• _RECORDS FOR THIS EXERCISE_:
-- Opening Marker --

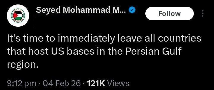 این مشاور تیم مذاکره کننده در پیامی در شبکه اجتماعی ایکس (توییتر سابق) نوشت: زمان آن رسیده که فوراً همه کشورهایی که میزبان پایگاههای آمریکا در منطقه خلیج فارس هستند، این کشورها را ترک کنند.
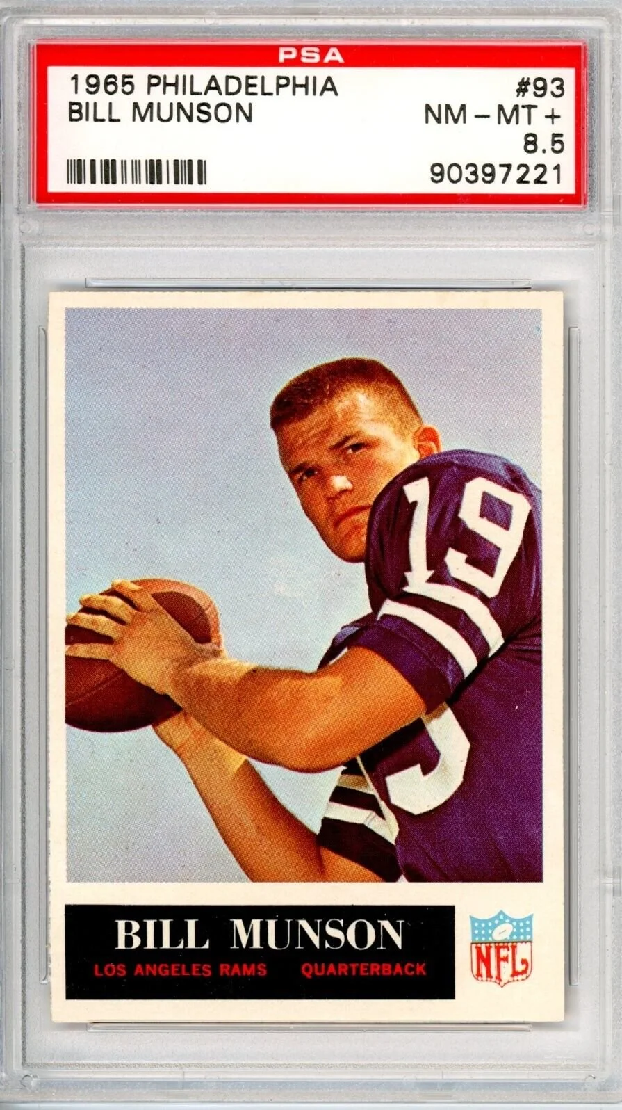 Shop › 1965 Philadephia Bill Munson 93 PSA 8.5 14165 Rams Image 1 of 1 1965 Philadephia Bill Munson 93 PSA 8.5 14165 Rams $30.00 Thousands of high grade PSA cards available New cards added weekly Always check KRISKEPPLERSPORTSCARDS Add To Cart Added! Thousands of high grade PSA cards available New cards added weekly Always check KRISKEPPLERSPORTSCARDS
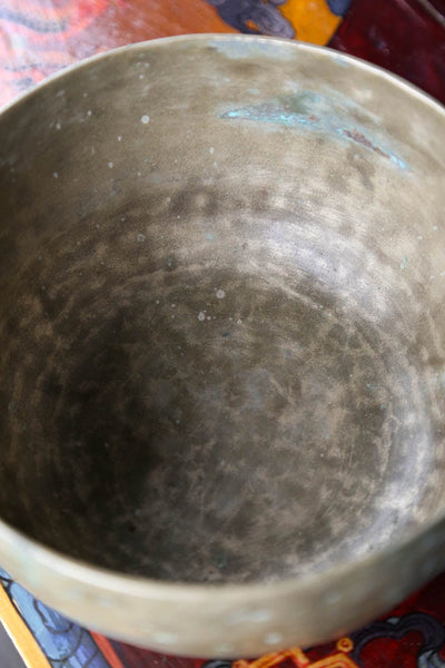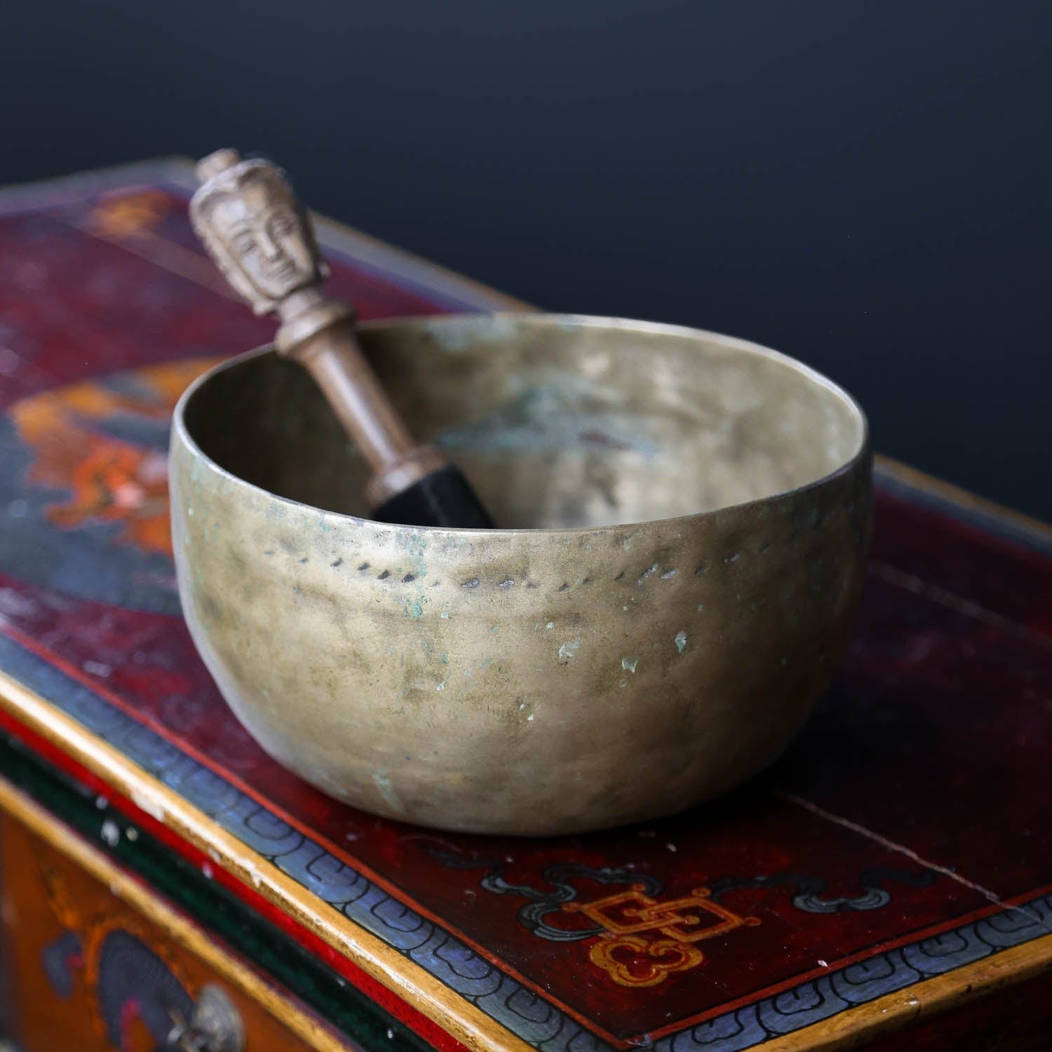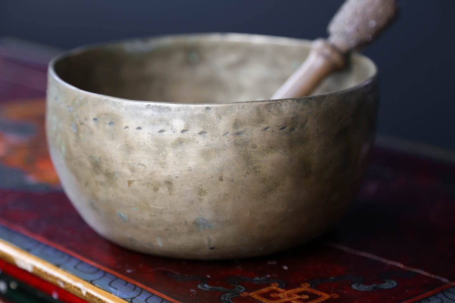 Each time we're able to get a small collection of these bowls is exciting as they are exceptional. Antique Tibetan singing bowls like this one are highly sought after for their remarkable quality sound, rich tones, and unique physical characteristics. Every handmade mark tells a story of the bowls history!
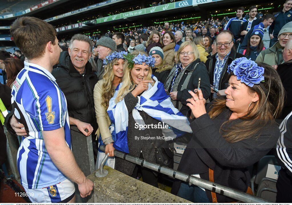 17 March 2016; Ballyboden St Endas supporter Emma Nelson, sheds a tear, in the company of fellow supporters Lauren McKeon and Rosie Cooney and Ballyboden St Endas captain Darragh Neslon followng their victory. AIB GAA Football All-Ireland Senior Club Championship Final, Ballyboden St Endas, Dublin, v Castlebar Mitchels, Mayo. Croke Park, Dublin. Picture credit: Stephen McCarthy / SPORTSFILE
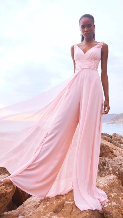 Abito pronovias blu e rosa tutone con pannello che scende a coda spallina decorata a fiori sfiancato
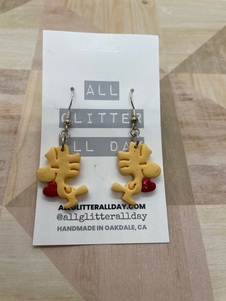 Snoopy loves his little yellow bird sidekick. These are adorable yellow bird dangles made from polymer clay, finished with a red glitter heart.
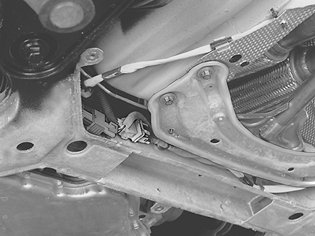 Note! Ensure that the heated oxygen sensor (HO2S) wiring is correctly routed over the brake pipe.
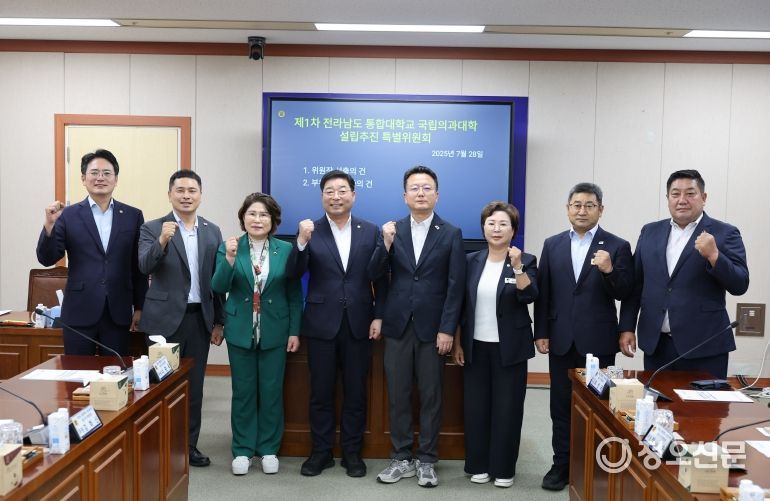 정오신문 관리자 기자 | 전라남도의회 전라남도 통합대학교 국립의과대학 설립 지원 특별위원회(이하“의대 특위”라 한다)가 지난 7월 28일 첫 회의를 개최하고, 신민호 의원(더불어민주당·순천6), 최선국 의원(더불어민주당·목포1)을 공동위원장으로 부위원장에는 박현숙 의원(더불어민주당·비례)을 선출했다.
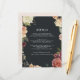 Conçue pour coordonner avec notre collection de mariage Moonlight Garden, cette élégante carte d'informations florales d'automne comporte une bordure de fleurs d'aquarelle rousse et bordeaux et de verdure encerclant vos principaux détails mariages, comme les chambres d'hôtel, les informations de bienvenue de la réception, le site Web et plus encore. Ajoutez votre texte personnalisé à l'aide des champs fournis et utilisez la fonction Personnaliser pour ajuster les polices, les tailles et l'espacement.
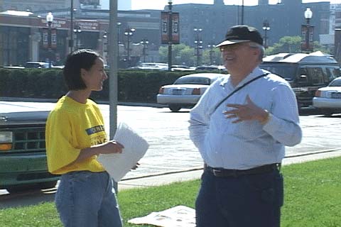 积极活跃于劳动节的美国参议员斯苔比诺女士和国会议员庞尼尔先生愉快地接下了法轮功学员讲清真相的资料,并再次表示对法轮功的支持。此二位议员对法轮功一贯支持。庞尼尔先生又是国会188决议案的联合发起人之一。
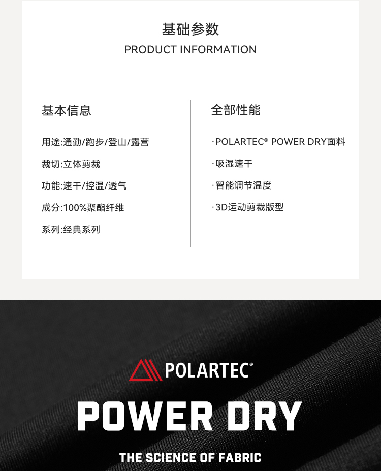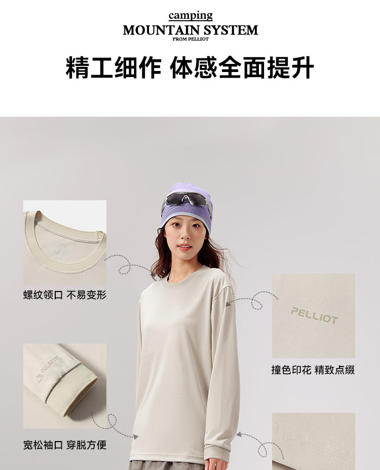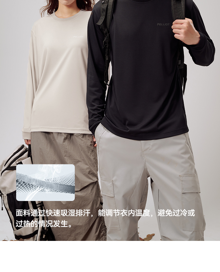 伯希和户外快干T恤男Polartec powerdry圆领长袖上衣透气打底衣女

-- Closing Marker --
-- Opening Marker --

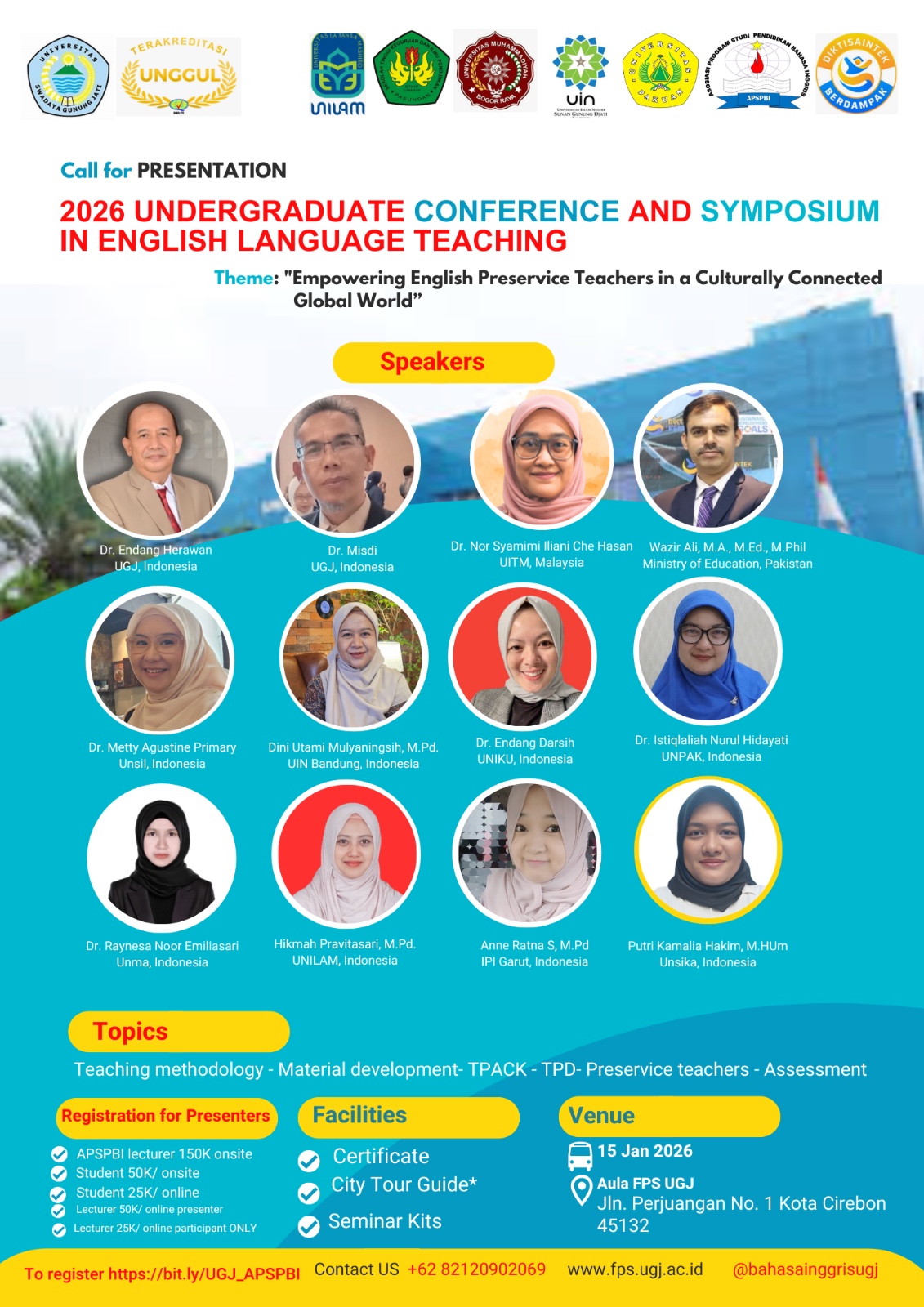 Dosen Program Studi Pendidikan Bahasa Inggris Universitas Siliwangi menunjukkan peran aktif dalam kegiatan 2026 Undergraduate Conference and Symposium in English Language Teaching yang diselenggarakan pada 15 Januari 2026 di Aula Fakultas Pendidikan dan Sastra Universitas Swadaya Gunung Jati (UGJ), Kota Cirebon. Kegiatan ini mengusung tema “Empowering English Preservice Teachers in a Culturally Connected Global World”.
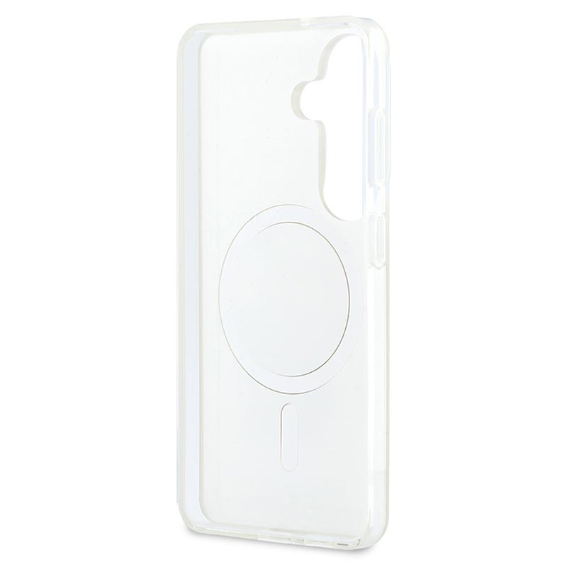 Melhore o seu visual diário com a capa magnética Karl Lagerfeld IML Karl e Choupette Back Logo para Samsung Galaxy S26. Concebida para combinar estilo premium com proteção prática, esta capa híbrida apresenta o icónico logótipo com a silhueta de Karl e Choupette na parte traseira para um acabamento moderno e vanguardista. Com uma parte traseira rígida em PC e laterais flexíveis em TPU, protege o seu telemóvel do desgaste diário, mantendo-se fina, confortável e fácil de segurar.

-- Closing Marker --

• _EXERCISE_:
Output exactly the lines of the listing above that start with the one holding "Snoopy loves his" and go on through the one holding "Note! Ensure that"; leave the pictures out.

• _EXERCISE RESPONSE_:
 Snoopy loves his little yellow bird sidekick. These are adorable yellow bird dangles made from polymer clay, finished with a red glitter heart.
 Note! Ensure that the heated oxygen sensor (HO2S) wiring is correctly routed over the brake pipe.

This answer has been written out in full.